**What you will do**. The copy you give must match the lines from the top of the data through the line containing "Fototapeta Set of" exactly, and it must hold no pictures.

**Provided material**.
*** Begin section ***
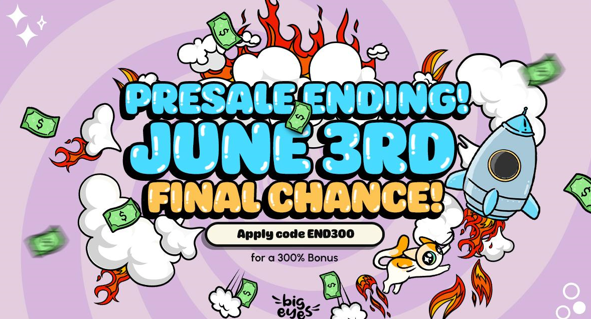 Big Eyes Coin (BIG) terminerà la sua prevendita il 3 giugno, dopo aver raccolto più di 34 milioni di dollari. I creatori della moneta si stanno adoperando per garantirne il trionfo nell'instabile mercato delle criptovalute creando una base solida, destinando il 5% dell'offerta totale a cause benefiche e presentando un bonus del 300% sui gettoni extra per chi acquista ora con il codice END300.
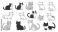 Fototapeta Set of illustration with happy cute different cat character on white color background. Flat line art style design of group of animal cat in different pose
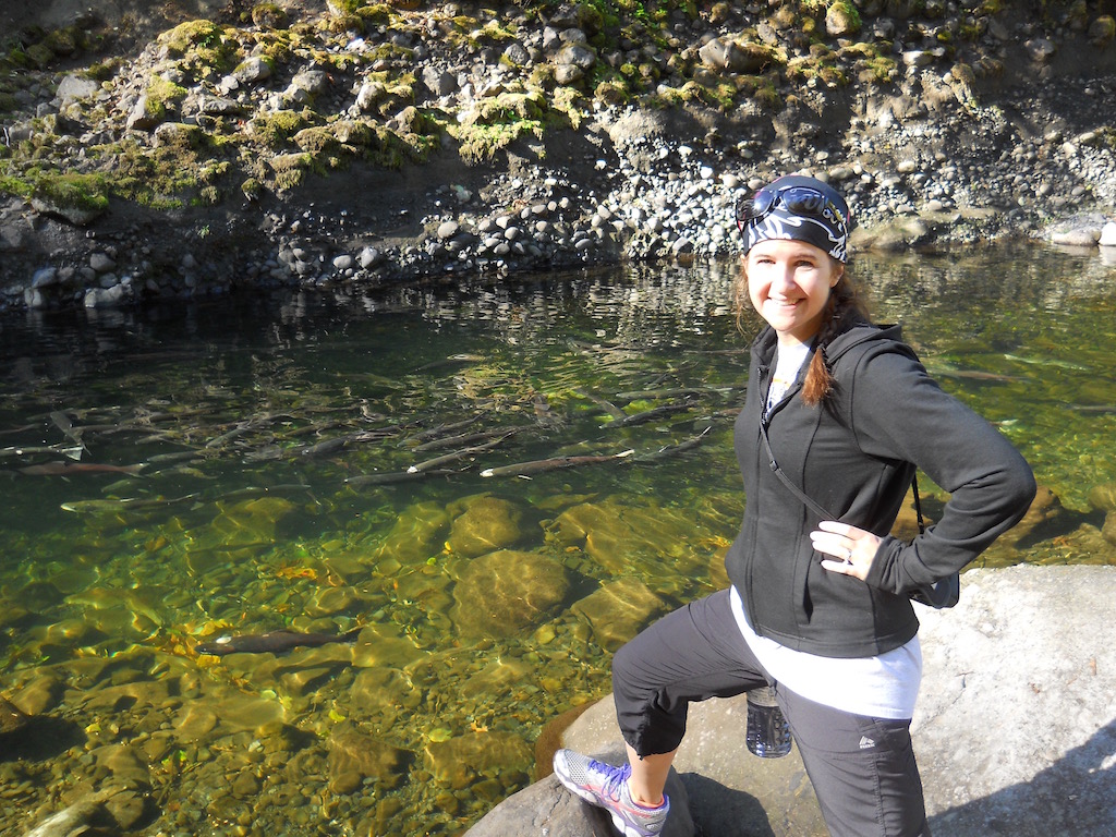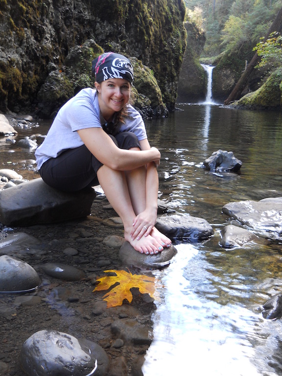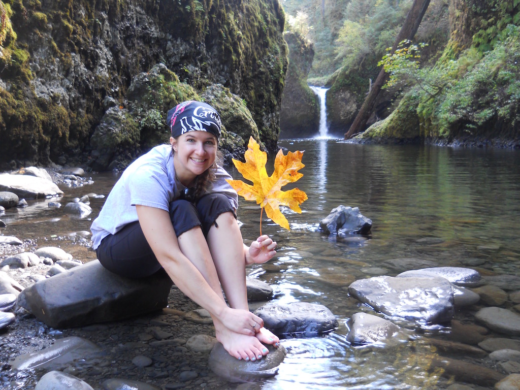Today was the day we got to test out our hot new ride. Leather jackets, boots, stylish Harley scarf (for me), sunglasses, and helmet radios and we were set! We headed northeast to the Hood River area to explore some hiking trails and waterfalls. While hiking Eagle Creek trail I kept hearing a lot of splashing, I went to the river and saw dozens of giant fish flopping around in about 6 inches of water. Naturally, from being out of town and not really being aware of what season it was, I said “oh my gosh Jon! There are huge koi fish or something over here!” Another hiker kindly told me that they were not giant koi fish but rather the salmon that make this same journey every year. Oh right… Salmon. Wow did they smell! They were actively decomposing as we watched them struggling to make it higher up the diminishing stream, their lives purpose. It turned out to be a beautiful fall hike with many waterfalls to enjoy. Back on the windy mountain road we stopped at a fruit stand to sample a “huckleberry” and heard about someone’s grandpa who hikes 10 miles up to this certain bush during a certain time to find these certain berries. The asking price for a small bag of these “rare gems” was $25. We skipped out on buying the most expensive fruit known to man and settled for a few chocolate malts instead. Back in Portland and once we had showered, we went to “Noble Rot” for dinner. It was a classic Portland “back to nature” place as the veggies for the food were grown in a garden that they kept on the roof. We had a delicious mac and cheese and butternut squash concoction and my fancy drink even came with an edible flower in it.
*** End section ***
**Response to the task**.
 Big Eyes Coin (BIG) terminerà la sua prevendita il 3 giugno, dopo aver raccolto più di 34 milioni di dollari. I creatori della moneta si stanno adoperando per garantirne il trionfo nell'instabile mercato delle criptovalute creando una base solida, destinando il 5% dell'offerta totale a cause benefiche e presentando un bonus del 300% sui gettoni extra per chi acquista ora con il codice END300.
 Fototapeta Set of illustration with happy cute different cat character on white color background. Flat line art style design of group of animal cat in different pose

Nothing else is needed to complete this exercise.